#### [Task instructions]
No pictures go into the copy. Write out exactly the lines below from the one containing "青山水库总库容4.48亿立方" through the one containing "An immaculate lower".

#### [Source information]
┄┄┄┄┄┄
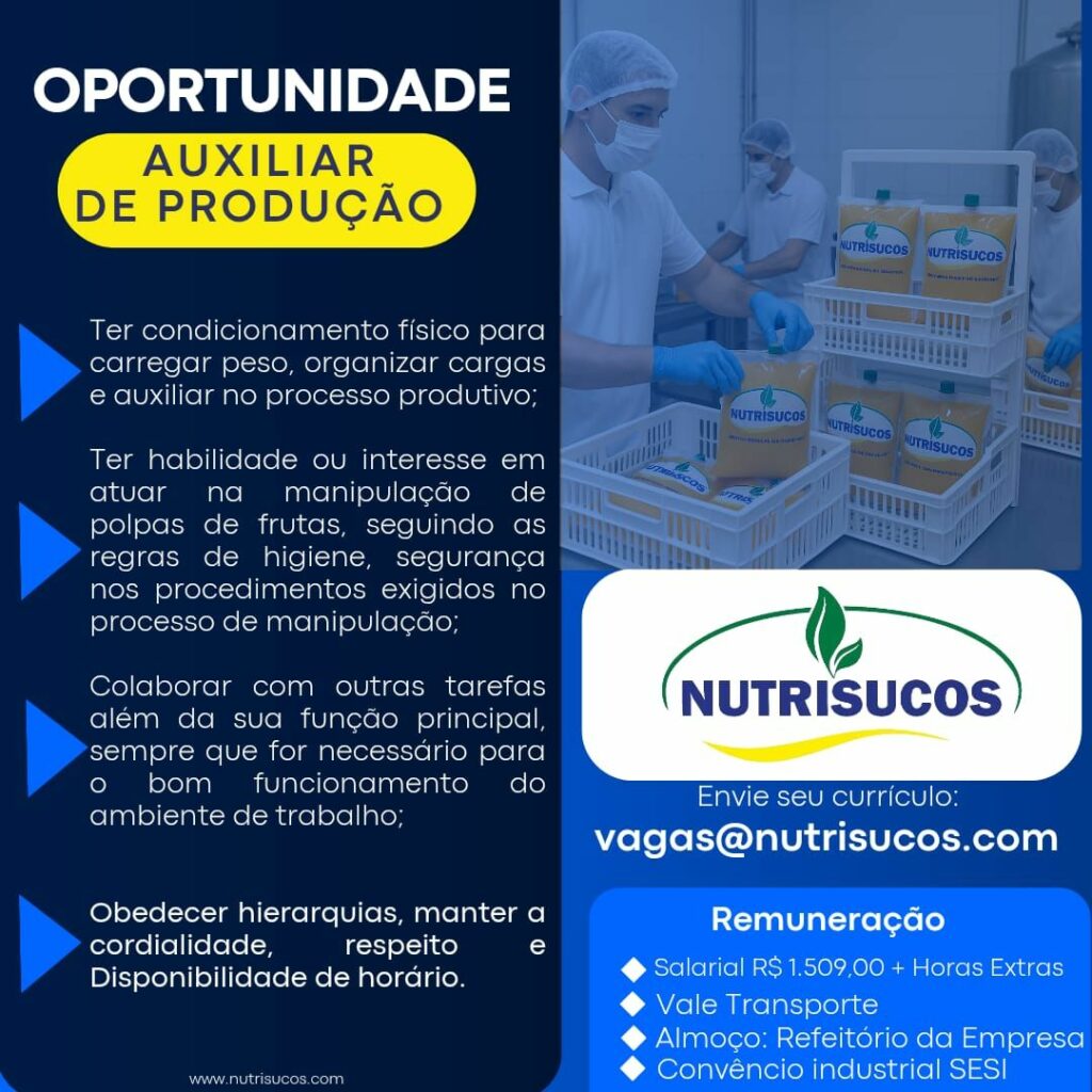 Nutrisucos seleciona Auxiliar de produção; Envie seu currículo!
┄┄┄┄┄┄
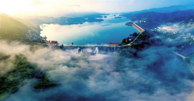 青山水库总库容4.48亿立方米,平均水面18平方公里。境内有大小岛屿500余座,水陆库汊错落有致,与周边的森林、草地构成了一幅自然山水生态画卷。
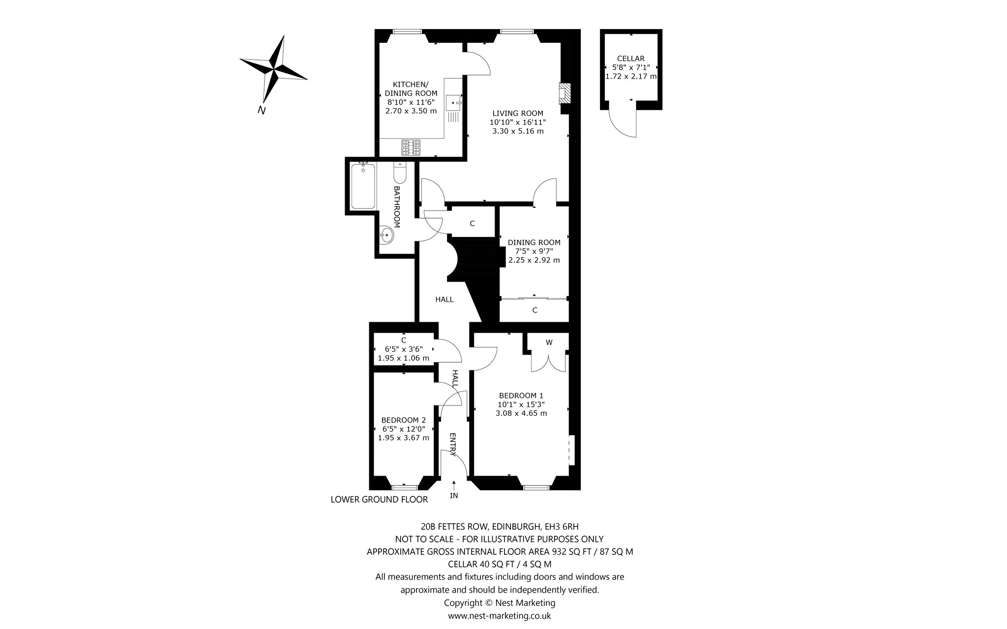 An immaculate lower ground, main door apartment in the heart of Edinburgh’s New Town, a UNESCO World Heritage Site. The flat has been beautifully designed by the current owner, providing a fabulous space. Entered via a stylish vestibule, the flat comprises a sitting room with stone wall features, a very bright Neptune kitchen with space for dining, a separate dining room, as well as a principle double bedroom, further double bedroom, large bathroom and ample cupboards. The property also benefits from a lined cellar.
┄┄┄┄┄┄
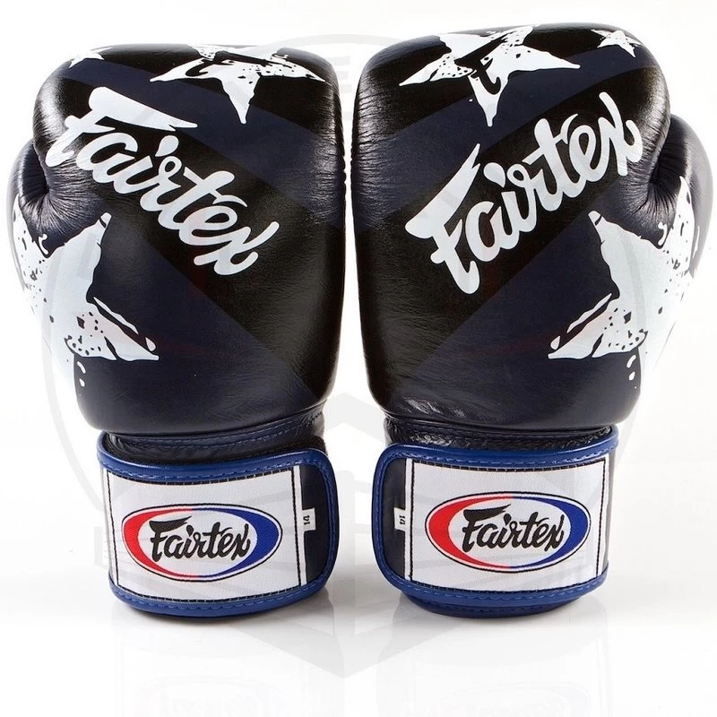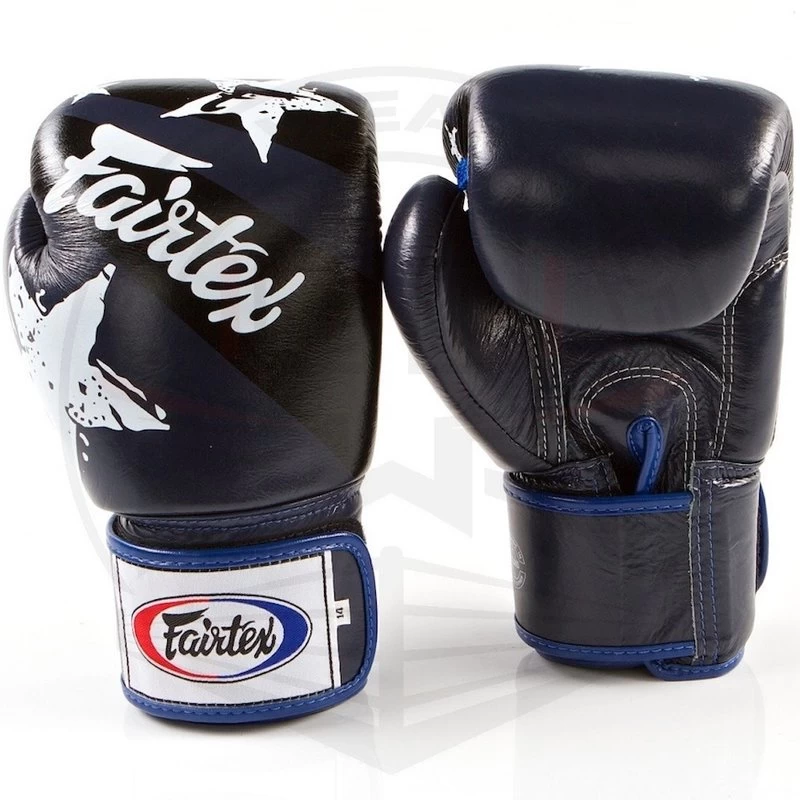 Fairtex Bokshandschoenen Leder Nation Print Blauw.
┄┄┄┄┄┄
#### [Solution to the problem]
 青山水库总库容4.48亿立方米,平均水面18平方公里。境内有大小岛屿500余座,水陆库汊错落有致,与周边的森林、草地构成了一幅自然山水生态画卷。
 An immaculate lower ground, main door apartment in the heart of Edinburgh’s New Town, a UNESCO World Heritage Site. The flat has been beautifully designed by the current owner, providing a fabulous space. Entered via a stylish vestibule, the flat comprises a sitting room with stone wall features, a very bright Neptune kitchen with space for dining, a separate dining room, as well as a principle double bedroom, further double bedroom, large bathroom and ample cupboards. The property also benefits from a lined cellar.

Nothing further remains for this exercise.